What’s in a Name?

He replied, “Why do you ask my name? It is beyond understanding.” (Judges 13:18)

Okay. Let’s get this straight. God didn’t get to be God because he makes sense. The whole point in being God is that nobody gets you. If you can be gotten, then you may be a lot of things, but you’re sure as heck not God material—well, in an immaterial manner of speaking.

But this doesn’t stop people from trying to get him. People have come up with a bunch of ideas for getting God. Plato, a Greek guy who lived back in the 5th century BC (before cable), thought God was a fuzzy Oneness who lived in Onesville, which was, like, so one that no one could visit, even by invitation. The One was so one that only really hip folks like Plato could get him. Aristotle, who was Plato’s best student, thought Plato was full of it, which pretty much takes care of that. Plato’s dead now.
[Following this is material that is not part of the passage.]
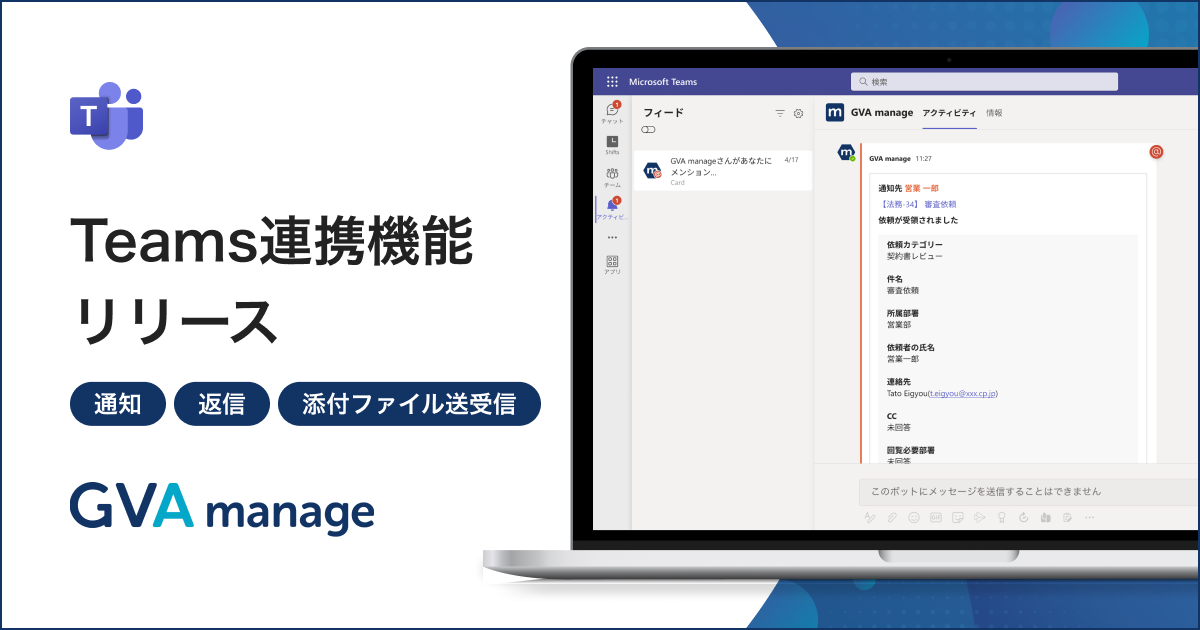 この法務部・事業部担当の課題を解決するために、GVA manageのTeamsアプリを提供することにいたしました。

Then there was this Christian guy named Anselm who lived back in 1000 AD. He came up with a definition for God that he thought worked pretty well. He said that God was “that than which nothing greater can be thought” or “that which nothing can be thought greater than.” In other words, Anselm said that God is the greatest whatever you can possibly think of. So God is a definite prize winner in something. Anselm was a monk. Anselm was a theologian. Anselm was a philosopher. Anselm needed to get out more.
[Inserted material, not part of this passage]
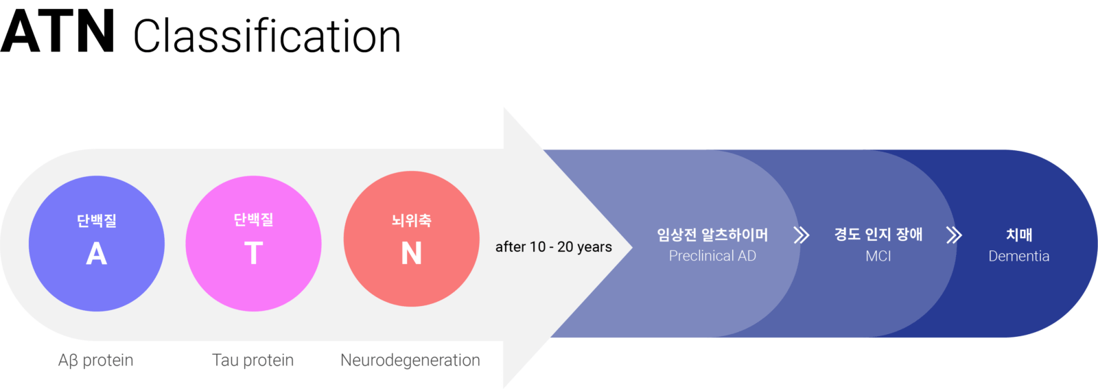 치매의 70%에 해당하는 알츠하이머형 치매는 발병 10여년 전부터 뇌 속에 병변(ATN: Amyloid Beta, Tau, Neurodegeneration)이 쌓이기 시작하므로 조기 진단을 통해 질병의 예방 혹은 발병의 지연이 충분히 가능한 질환입니다. 현재 진료 체계에서 인지기능 저하가 발생하여 병원을 방문하고 치매를 진단받는 순간은 이미 뇌 위축까지 발생한 이후입니다.

Then there’s this strange dude named Meister Eckhart who came along a couple of hundred years later. He was what you call a mystic, which is a fancy word for a guy who does religion rather than mushrooms to get high. Other than that, mystics are pretty much the same as glue sniffers, except less sticky. Anyway, this Meister guy said he had visions of God. So what did he say God is like? “God is green,” said Meister. Yep. That’s what he said. “Green.” Meister should have tried LSD. At least then he might have had a multi-colored God to tell us about. But Meister is dead now too so there’s not much we can do about his monochromatic theology. All I can say is momma don’t take my Kodachrome away.

The problem is that a lot of people still think they know what God is like. I have friends who swear God is a Republican. They know this because they know how God votes on things. I have other friends who think God is a laid back cosmic donut. I like the idea of God being a donut, especially an old-fashioned glazed one, but I’ve never come across a laid back donut so I’m a little iffy on that concept. Then there’s this guy I met under the bridge named Selwin. He thinks God is a large nostril, but he refused to explain it to me so I can’t say how close he is to being right.
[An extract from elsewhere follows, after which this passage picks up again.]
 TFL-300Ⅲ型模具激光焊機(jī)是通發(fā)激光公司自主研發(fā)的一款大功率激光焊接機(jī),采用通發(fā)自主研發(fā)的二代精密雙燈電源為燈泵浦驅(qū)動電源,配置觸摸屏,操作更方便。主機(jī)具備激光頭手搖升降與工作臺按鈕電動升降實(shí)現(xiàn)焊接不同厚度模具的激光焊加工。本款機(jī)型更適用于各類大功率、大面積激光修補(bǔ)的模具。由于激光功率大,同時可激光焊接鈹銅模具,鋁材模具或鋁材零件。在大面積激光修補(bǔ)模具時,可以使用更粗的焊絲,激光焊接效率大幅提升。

The point is that God is God because he’s God and that’s about it. You can’t really explain what that is. This is a major problem for people who explain God for a living. So some of them came up with this really funky idea; they said you could only say what God is not. The technical term for this is apophatic theology, which is another way to say “we don’t know what the hell we’re talking about but that doesn’t stop us from talking about it.” The whole thing goes something like this: God is not a bagel. (So far so good.) God is not the Rolling Stones. (We’re on a roll now.) God is not yesterday’s news. (Go! Go! Go!) God is not the square root of a negative number or stale beer, etc. This process goes on and on until you run out of things that God is not like. Supposedly what you have left is God. Of course, the cool thing about saying what God is not is that you’re never totally wrong, but then again you’re never right either. Which begs the question as to why start the process in the first place. Save yourself trouble. Go to bed.

Ultimately, it all comes down to simply accepting God as he is. Whatever that is. But that’s his problem.